I am trying to upload a photo but I cannot figure out how.


----------



## cwebster (Dec 11, 2010)

Go to post a quick reply and click on "go advanced." Then you can add an attachment. Thank you for helping the poor bird. He may just be starving. Please keep him in a cage or carrier. In his current state he will be predator chow. Is he a ating seed and drinking water? Where do you live, so we may direct you to people perhaps nearer who can help?


----------



## pigeon_rescue_234 (May 2, 2017)

cwebster said:


> Go to post a quick reply and click on "go advanced." Then you can add an attachment. Thank you for helping the poor bird. He may just be starving. Please keep him in a cage or carrier. In his current state he will be predator chow. Is he a ating seed and drinking water? Where do you live, so we may direct you to people perhaps nearer who can help?


I have it in a box with food (wild bird seed I picked up otw out) and a small bowl of water.

I am leaving the water there, but I will take it out before bed because i read that it could probably drown. 

I am in Denver CO.


----------



## pigeon_rescue_234 (May 2, 2017)

These are the photos of the bird. 

I looked up the type and it is a domestic rock pigeon. 
-Gray with irridescent purple- ish on the neck. 


It is staying in the corner of the box, I am just letting it rest


----------



## cwebster (Dec 11, 2010)

Lovely bird! There are wild bird rescuesin Denver on Google. Example:
http://wildbirdrehab.com/
Please make sure if you give the bird to anyone that they treat and do not euthanize. We got our first beloved critically injured feral, Phoebe, who became our dearest love for eight years. Would you like to learn how to have a pet pigeon, or just find it a home?


----------



## pigeon_rescue_234 (May 2, 2017)

cwebster said:


> Lovely bird! There are wild bird rescuesin Denver on Google. Example:
> http://wildbirdrehab.com/
> Please make sure if you give the bird to anyone that they treat and do not euthanize. We got our first beloved critically injured feral, Phoebe, who became our dearest love for eight years. Would you like to learn how to have a pet pigeon, or just find it a home?


I have been reading up on it, and it looks to me like it may have a slightly injured wing, or a bird virus. 

I could not take it ever to a shelter that would kill it. NO way. That is why I brought it home. I would like to nurse it back to health or take it to a sanctuary. I m not sure what to do with it yet. But I do not want to take it anywhere that they will euthanize it.


----------



## cwebster (Dec 11, 2010)

Thank you for not just taking him to someone who will kill him. He may just be tired and hungry. Others more expert than me can help you check down his throat for signs of canker and observe whether his wing was injured. Pigeons are wonderful. Hope you may decide to keep him. Ours had a broken wing and her head was nearly decapitatedby a fan. We got her stitched up and she was a wonderful friend.
Another rescue is http://www.greenwoodwildlife.org/
We got our bird because our local wildlife rescue doesnt help pigeons,just euthanizes them, because they feel pigeons atent special. Pigeons are sweet, smart, are great parents, and deserve love. Your bird may be a lost domestic or a feral. But you have now been chosen by a pigeon.


----------



## pigeon_rescue_234 (May 2, 2017)

cwebster said:


> Thank you for not just taking him to someone who will kill him. He may just be tired and hungry. Others more expert than me can help you check down his throat for signs of canker and observe whether his wing was injured. Pigeons are wonderful. Hope you may decide to keep him. Ours had a broken wing and her head was nearly decapitatedby a fan. We got her stitched up and she was a wonderful friend.
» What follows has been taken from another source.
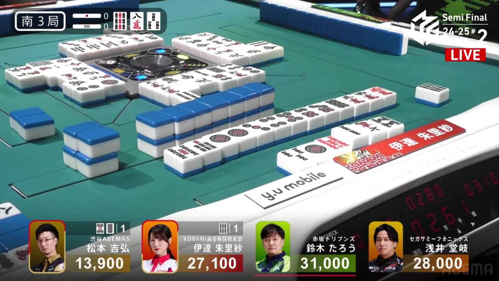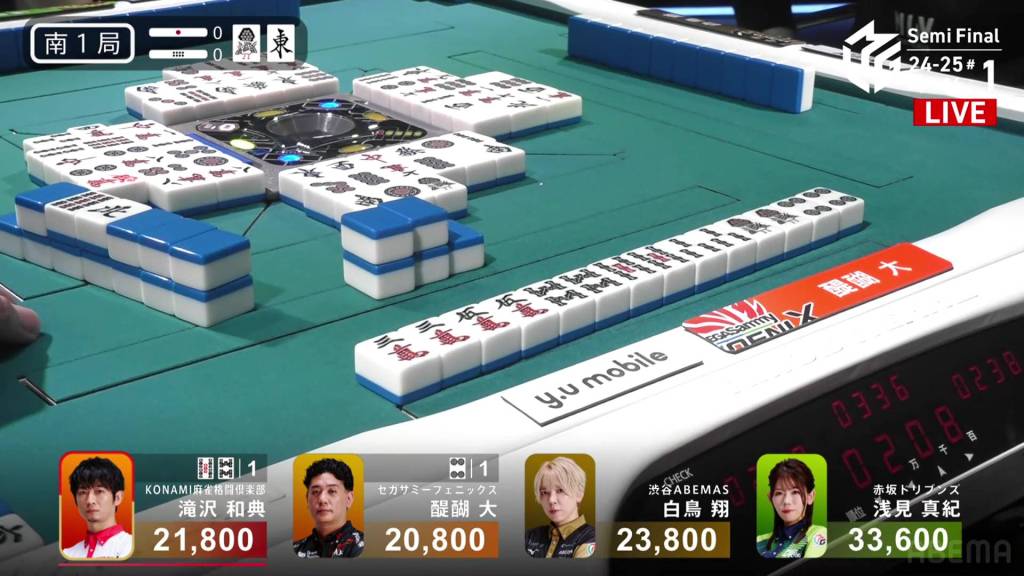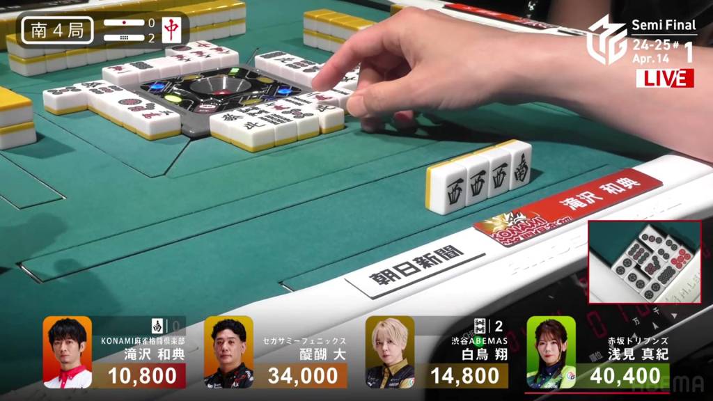 Soon after, Takizawa gets to tenpai on a south tanki, having enough value for 3rd place. Unfortunately, Shiratori holds the souths in a triplet.

I held her up on a glove in my hand earlier today and tried placing her in that tree to see if she would go and she would not go on her own, so I brought her back inside. While I was holding her, I noticed she can move and flap her wings, so I am leaning toward an illness. 


How do I check for this canker?


----------



## cwebster (Dec 11, 2010)

To check for canker, you gently open her mouth and see if there are any yellowish masses. How are her droppings? Please do not put the bird in a tree. If she is ill or socialized to humans she will not survive if released. Please cage her and people here will try to help.


----------



## Jay3 (May 4, 2008)

Can you post pics of the whole bird from the side also? And pic of his droppings?
Sounds as though it is sick. When you check it's mouth, you need to look way down the throat with a flash light, not just in the mouth. Canker doesn't always show in the throat anyway. It could be canker or something else. Does he eat well? Drink well?


----------



## pigeon_rescue_234 (May 2, 2017)

cwebster said:


> To check for canker, you gently open her mouth and see if there are any yellowish masses. How are her droppings? Please do not put the bird in a tree. If she is ill or socialized to humans she will not survive if released. Please cage her and people here will try to help.


I tried to see if she wanted to go into the tree, but i got her back in the box when i saw it was not moving from it's spot. She is safe now and was only in the tree for a few minutes.


----------



## pigeon_rescue_234 (May 2, 2017)

Jay3 said:


> Can you post pics of the whole bird from the side also? And pic of his droppings?
> Sounds as though it is sick. When you check it's mouth, you need to look way down the throat with a flash light, not just in the mouth. Canker doesn't always show in the throat anyway. It could be canker or something else. Does he eat well? Drink well?


I am not sure if it is eating. I got some wild bird seed from the store immediately after I picked it up. I tried to sprinkle water on it's mouth and it only shook its head. 
The food, I am not sure if she is eating it, but I have put some in the box i have it in for right now. I saw a youtube video to try and feed it peas. . . . 

I do not know if it is socialized. 

It pooed earlier while it was standing on the glove. 

I had picked it up out of the parking lot and put it in a box, so I had it in the car for about 1 hour while I went to go pick up my daughter from school, and try to decide what to do with the bird. At one point, a very foul smell came from the box, but i did not see any droppings on the box. 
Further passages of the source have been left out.